Could you share your Vitamins Schedule
Bariatric Advantage Advanced Multi EA - 2 per day
Bariatric Advantage Calcium Citrate Chews - coconut - 3 per day
Culturelle Chewable probiotic - 1 per day
Barimelt Biotin - 1 per day
B-12 - 1 per week
I wrap a coconut calcium chew around the fruit flavored multivitamin and eat it for a treat. I love it. Pretty sad, huh?
HW: 375 SW: 282 CW: 167 GW: 159
I put 3 patches on when I go to bed. In the morning I take them off. Once a week I take a 2,000 sublingual B12.
6'3" tall, male.
Highest weight was 475. RNY on 08/21/12. Current weight: 198.
M1 -24; M2 -21; M3 -19; M4 -21; M5 -13; M6 -21; M7 -10; M8 -16; M9 -10; M10 -8; M11 -6; M12 -5.

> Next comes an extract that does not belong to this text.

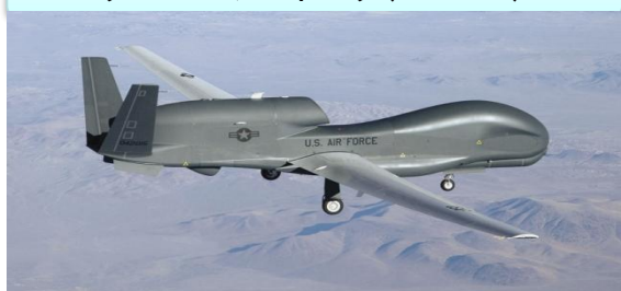
グローバル・ホーク(RQ-4)

PatchMD. I use a multi, a D3/Calcium, and iron. Some people absorb them even better than oral vits, but some don't. I watch my labs like a hawk.
6'3" tall, male.
Highest weight was 475. RNY on 08/21/12. Current weight: 198.
M1 -24; M2 -21; M3 -19; M4 -21; M5 -13; M6 -21; M7 -10; M8 -16; M9 -10; M10 -8; M11 -6; M12 -5.
morning - iron pill (generic - 65 mg)
evening - multi-vitamin (1 Trader Joe's High Potency chewable) + vitamin D (generic)
that's it! my labs have always been terrific.
Morning: protein shake + calcium chew w/ vitamin D (Brand = Viactiv)
Afternoon: non dairy meal + 2 doses multivitamin w/iron (was Flintstones chewable, now is a regular multi)
Evening: whatever meal + 2nd calcium chew.
Iron doesn't mix with calcium and you have to take the calcium in doses at different times so you body can absorb it all. Some days I take a third dose of the calcium chews right before bed just to be sure. I'm debating if I should just go ahead and do it every night. I tend to be vitamin D deficient ... might just buy extra D as a stand alone vitamin.
If you fall down you just have to get back up.
Hi Doriam,
Great question and thread, thanks for asking.
The take away from all the responses is everyone is taking supplements based on their labs. Start out with the ASMBS guidelines and your surgeon's instructions. Make sure you follow up with labs on a regular basis and make adjustments accordantly. This is KEY, when you see a drop, even if it's still in the green zone, start upping that supplement. This is very important if you are working with a PCP that does not have a lot of knowledge concerning your surgery type.
Infusions are only needed when all else fails and most of the time it's due to us not taking our supplements and not staying on top of our labs.